Recommendation: Use 16kHz mono audio coded in 16bit PCM for best results, as the models were trained on this format.

Convert your audio to the recommended format:

ffmpeg -i `input.wav` -ar 16000 -ac 1 -acodec pcm_s16le `output.wav`

Output: Speaker embeddings are saved as .npy files in the specified directory. Each file contains a numpy array representing the extracted speaker embedding (shape==[D]).

⚙️ Configuration Reference

# Speaker Backbone
model: ResNetSE34V2
batch_size: 300
nOut: 512
pretrained_speaker_model: ./pretrained/official_resnetse34V2.model

# Diffusion
train_diffusion: True
diffusion_network: rdm_mlp
diffusion_num_layers: 3
train_timesteps: 1000
sample_timesteps: 50
self_cond: True

# Optimizer
lr: 5e-4
optimizer: adamW

🛠️ Extending SEED to your own representation model

Add new backbones in models/yourtask/your_backbone.py.
Customizing DatasetLoader.py for your own dataset.
Prepare your own training datasets (with augmentation strategies) and evaluation datasets.
Follow existing modules as templates.
Run main.py!

📂 Pretrained Models

Official checkpoints can be downloaded under pretrained/.

For SEED, we provide the following pretrained models:

ResNetSE34V2 (backbone): official_resnetse34V2.model
--> (SEED-Diffusion): resnet34V2_SEED_evalseed_2690.model
ECAPA-TDNN (backbone): official_ecapa_tdnn.model
--> (SEED-Diffusion): ecapa_SEED_evalseed_898.model

🧰 Utilities & Troubleshooting

Easily Handle Your Own Backbone Weights

In SEED, we officially load backbone weights into self.backbone. However, when using your own pretrained models, you often encounter loading conflicts due to mismatched keys in the state_dict.

Common Problem:

Your model has keys like module.layer1.conv.weight (from DDP training)
Or keys like your_previous_classname.conv2d.layer1.weight (from different class structure)
But SEED expects keys like layer1.conv.weight to load into self.backbone

Our Solution: We provide a simple utility code model_params_tool.py to easily modify the key values of neural network model weight files. This tool automatically detects and removes problematic prefixes, allowing you to seamlessly integrate your backbone weights with SEED.

1. Analyzing Model Prefixes (`analyze_prefix`)
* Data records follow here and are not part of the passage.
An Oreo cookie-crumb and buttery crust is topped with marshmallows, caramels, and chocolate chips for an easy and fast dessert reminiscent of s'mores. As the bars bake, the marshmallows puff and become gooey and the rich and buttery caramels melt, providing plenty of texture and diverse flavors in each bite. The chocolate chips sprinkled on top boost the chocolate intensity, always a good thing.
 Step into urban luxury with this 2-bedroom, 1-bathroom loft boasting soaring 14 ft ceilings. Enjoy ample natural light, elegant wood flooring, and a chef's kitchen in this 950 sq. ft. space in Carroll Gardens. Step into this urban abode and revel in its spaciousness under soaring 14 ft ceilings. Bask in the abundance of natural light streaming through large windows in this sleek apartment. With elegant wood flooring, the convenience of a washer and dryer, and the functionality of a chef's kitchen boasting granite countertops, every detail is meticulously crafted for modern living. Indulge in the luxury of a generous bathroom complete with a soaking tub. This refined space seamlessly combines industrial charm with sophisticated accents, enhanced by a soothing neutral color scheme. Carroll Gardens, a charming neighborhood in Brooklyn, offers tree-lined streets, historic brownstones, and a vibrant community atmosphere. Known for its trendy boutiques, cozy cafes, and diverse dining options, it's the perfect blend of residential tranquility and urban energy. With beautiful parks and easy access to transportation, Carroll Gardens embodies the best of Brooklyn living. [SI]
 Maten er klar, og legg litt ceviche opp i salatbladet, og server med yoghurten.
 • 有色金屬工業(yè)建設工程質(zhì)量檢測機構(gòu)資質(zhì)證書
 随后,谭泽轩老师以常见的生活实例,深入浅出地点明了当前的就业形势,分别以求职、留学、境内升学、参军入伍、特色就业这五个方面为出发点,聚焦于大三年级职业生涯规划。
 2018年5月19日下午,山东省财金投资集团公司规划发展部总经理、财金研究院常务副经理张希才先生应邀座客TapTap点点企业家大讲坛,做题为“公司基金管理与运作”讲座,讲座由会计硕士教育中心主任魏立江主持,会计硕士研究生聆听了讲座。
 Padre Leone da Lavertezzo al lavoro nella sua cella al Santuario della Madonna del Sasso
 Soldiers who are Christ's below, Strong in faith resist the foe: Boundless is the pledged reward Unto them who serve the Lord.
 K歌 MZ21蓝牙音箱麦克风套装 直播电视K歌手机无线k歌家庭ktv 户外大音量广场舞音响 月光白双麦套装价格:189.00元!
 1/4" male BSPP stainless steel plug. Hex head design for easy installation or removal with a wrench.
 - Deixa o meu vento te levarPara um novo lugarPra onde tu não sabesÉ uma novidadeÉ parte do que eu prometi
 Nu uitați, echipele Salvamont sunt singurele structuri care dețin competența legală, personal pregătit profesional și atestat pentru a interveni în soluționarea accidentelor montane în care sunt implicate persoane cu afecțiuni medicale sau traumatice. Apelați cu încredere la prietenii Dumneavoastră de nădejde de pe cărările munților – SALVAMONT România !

First, analyze your model's state_dict structure:

python model_params_tool.py analyze_prefix --model_path path/to/your/model.model

Example Output (Clean case):

--- Prefix Analysis Results ---
Model Path: pretrained/official_resnetse34V2.model
Total Keys: 245
Has 'module.' Prefix: False
Most Common Prefix Found: N/A
Expected Prefix for Check: Not specified
Prefix Consistency: True
Sample Keys (first 10):
  - layer1.0.conv1.weight
  - layer1.0.bn1.weight
  - layer1.0.bn1.bias
...
--- End of Analysis ---

Example Output (When a prefix mismatch occurs):

--- Prefix Analysis Results ---
Model Path: path/to/your/problematic_model.ckpt
Total Keys: 245
Has 'module.' Prefix: False
Most Common Prefix Found: your_previous_classname.
Expected Prefix for Check: Not specified
Prefix Consistency: True
Sample Keys (first 10):
  - your_previous_classname.layer1.0.conv1.weight
  - your_previous_classname.layer1.0.bn1.weight
  - your_previous_classname.layer1.0.bn1.bias
...
--- End of Analysis ---

2. Removing Model Prefixes (`remove_prefix`)

Remove a specific prefix:

python model_params_tool.py remove_prefix \
  --model_path path/to/your/problematic_model.ckpt \
  --output_path path/to/your/refined_model.ckpt \
  --target_prefix "your_previous_classname."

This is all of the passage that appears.